When Benjamin McClatchey was born almost three months premature on July 27, 1990, he weighed only 2 pounds, 13 ounces, and his underdeveloped lungs struggled for every breath.

Benjamin's parents, Steve and Trillis McClatchey of Lafayette, Ind., got only a glimpse of their son before doctors whisked him off to another hospital an hour away. They called Trillis McClatchey at 5 o'clock the next morning for her permission to give Benjamin a pulmonary surfactant, a new lifesaving drug, to help him breathe.

"[They] told us it worked best if given in the first six hours of life," McClatchey remembers. "I said, 'He was born at 11:10 last night — you have 10 minutes!'

"The doctor laughed. He said, 'Everything's going to be fine.'"

Benjamin received the drug and is indeed fine today. But at birth he developed respiratory distress syndrome, or RDS, a life-threatening lung condition that strikes about 65,000 infants each year. RDS has become more treatable in recent years because of surfactant and new ventilators recently approved by FDA.

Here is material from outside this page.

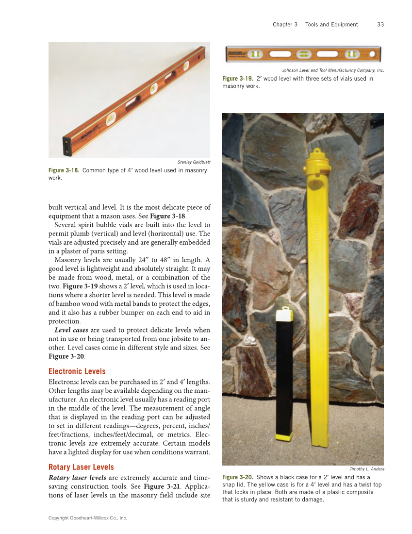 Copyright Goodheart-Willcox Co., Inc. Chapter 3 Tools and Equipment 33 built vertical and level. It is the most delicate piece of equipment that a mason uses. See Figure 3‑18. Several spirit bubble vials are built into the level to permit plumb (vertical) and level (horizontal) use. The vials are adjusted precisely and are generally embedded in a plaster of paris setting. Masonry levels are usually 24″ to 48″ in length. A good level is lightweight and absolutely straight. It may be made from wood, metal, or a combination of the two. Figure 3‑19 shows a 2′ level, which is used in loca- tions where a shorter level is needed. This level is made of bamboo wood with metal bands to protect the edges, and it also has a rubber bumper on each end to aid in protection. Level cases are used to protect delicate levels when not in use or being transported from one jobsite to an- other. Level cases come in different style and sizes. See Figure 3‑20. Electronic Levels Electronic levels can be purchased in 2′ and 4′ lengths. Other lengths may be available depending on the man- ufacturer. An electronic level usually has a reading port in the middle of the level. The measurement of angle that is displayed in the reading port can be adjusted to set in different readings—degrees, percent, inches/ feet/fractions, inches/feet/decimal, or metrics. Elec- tronic levels are extremely accurate. Certain models have a lighted display for use when conditions warrant. Rotary Laser Levels Rotary laser levels are extremely accurate and time- saving construction tools. See Figure 3‑21. Applica- tions of laser levels in the masonry field include site Stanley Goldblatt Figure 3‑18. Common type of 4′ wood level used in masonry work. Johnson Level and Tool Manufacturing Company, Inc. Figure 3‑19. 2′ wood level with three sets of vials used in masonry work. Timothy L. Andera Figure 3‑20. Shows a black case for a 2′ level and has a snap lid. The yellow case is for a 4′ level and has a twist top that locks in place. Both are made of a plastic composite that is sturdy and resistant to damage.

RDS is common among the approximately 380,000 premature infants born in the United States each year. About 3,000 infants died of RDS in 1988, making it the fourth most common cause of all infant deaths.

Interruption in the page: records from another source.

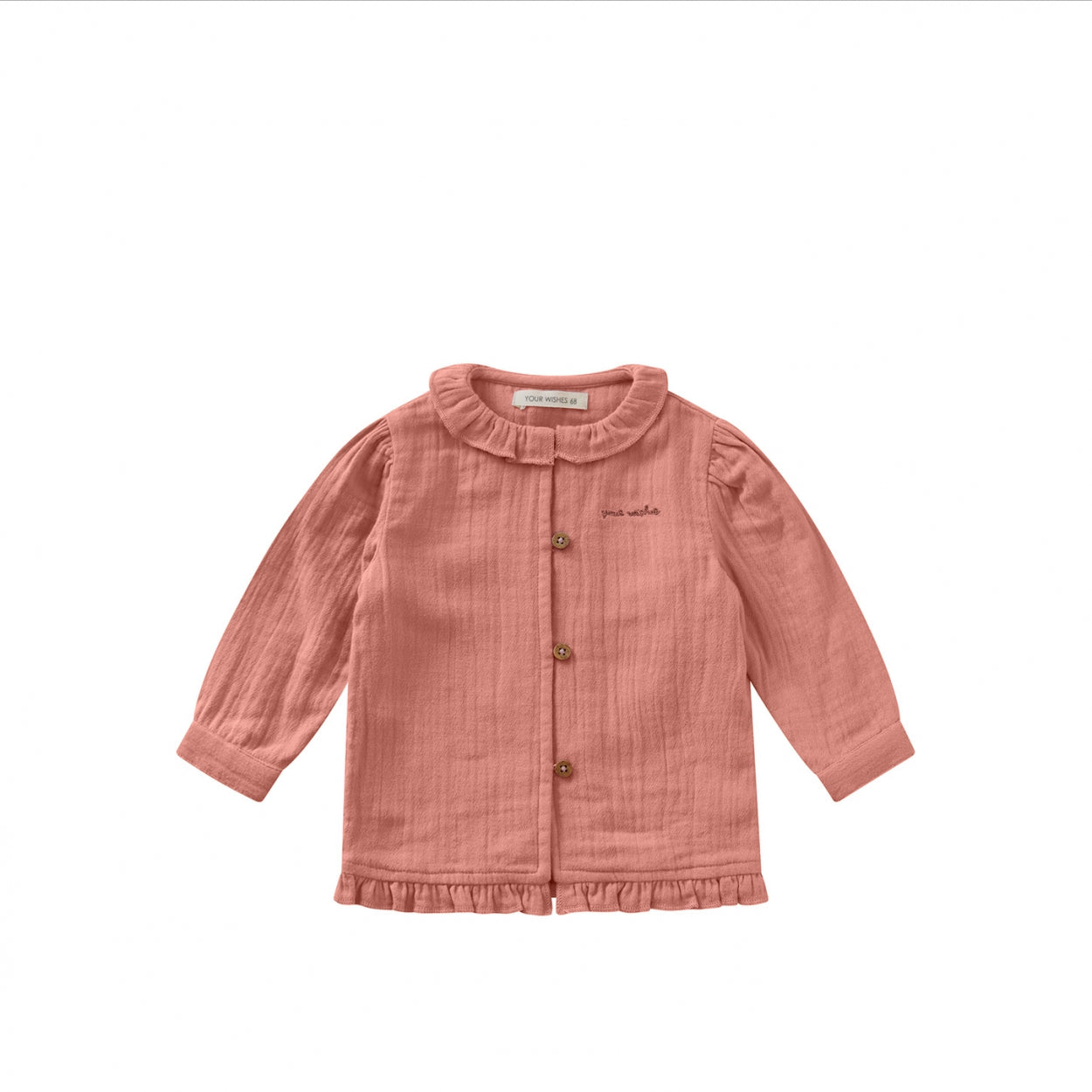 A breezy top made of muslin quality in a pink color. The top has long sleeves and wooden buttons on the front. The neckline and bottom of the top are finished with ruffles. |
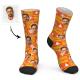 Custom Face Socks Personalized Photo Socks Christmas Gift Orange Santa Socks - Snowflake And Christmas Tree
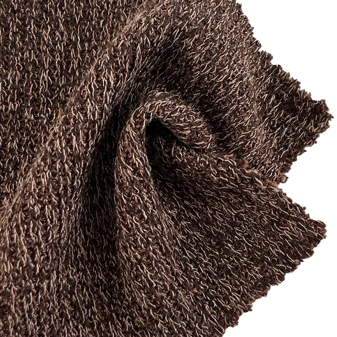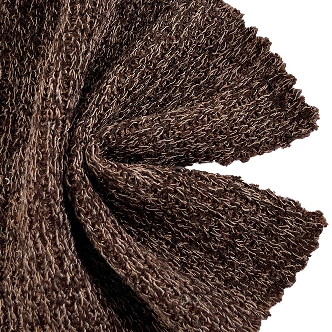Polyester ensures durability, color vibrancy, and wrinkle resistance, Viscose adds breathability, moisture-wicking comfort, and a smooth drape, while the 7% Spandex delivers generous stretch and reliable recovery for ease of movement and a flattering, flexible fit. Weighing 220gsm, this medium-weight fabric offers comfortable coverage and structure without bulk, making it suitable for transitional weather and year-round layered garments. Its textured surface and breathable composition allow it to adapt gracefully to flowing dresses, versatile cardigans, and cozy sweaters.
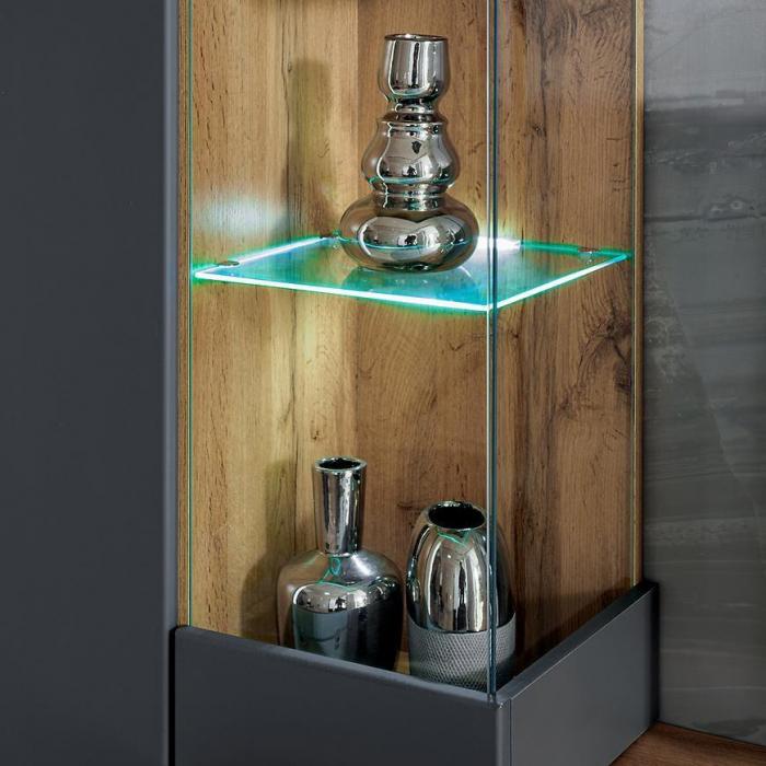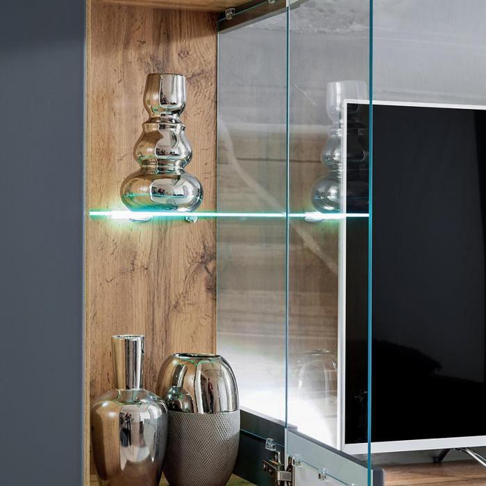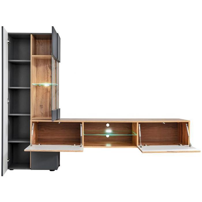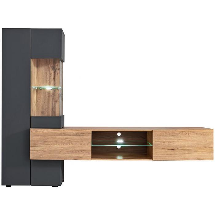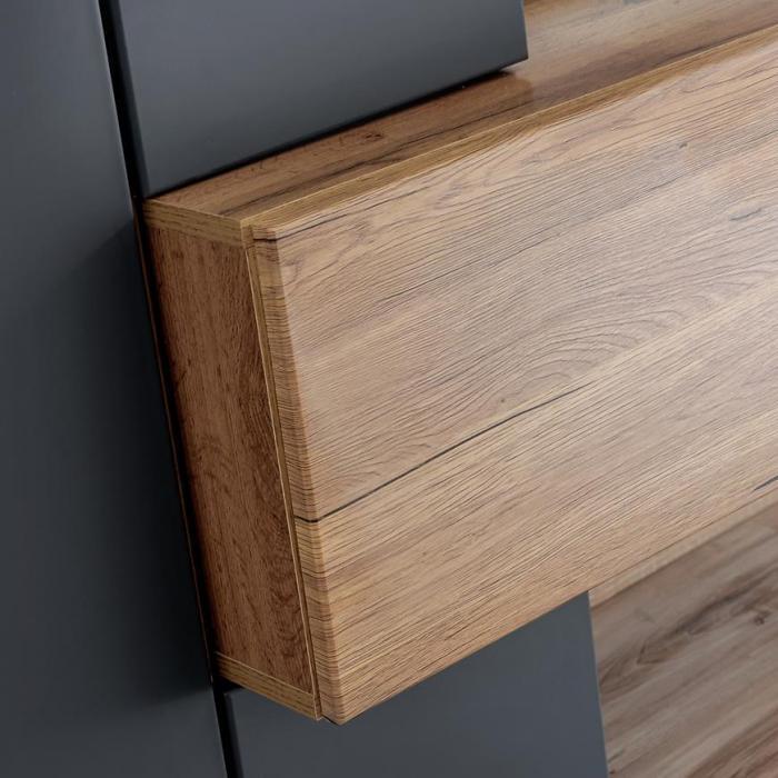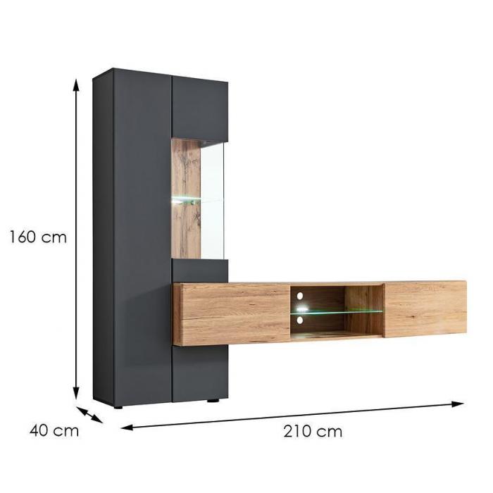 Jest to meblościanka, która wpasuje się w większość aranżacji nadając pomieszczeniu nowoczesny i elegancki design.

RDS is also called hyaline membrane disease. In 1963, a baby boy born to then-President and Mrs. John F. Kennedy died of the condition.

But neonatal medicine has improved since then, reducing deaths from RDS steadily over the last 15 years. Preliminary statistics indicate they may have fallen even further — more than 30 percent between 1987 and 1990. FDA's recent approval of several new ventilators and two kinds of surfactant to treat RDS has contributed to premature infants' chances of survival.

Lubricating Lungs

Short for "surface-active agent," a pulmonary surfactant is perhaps the most beneficial new treatment RDS patients like Benjamin can receive. FDA has approved two kinds of surfactant, the first in July 1990 and the second a year later.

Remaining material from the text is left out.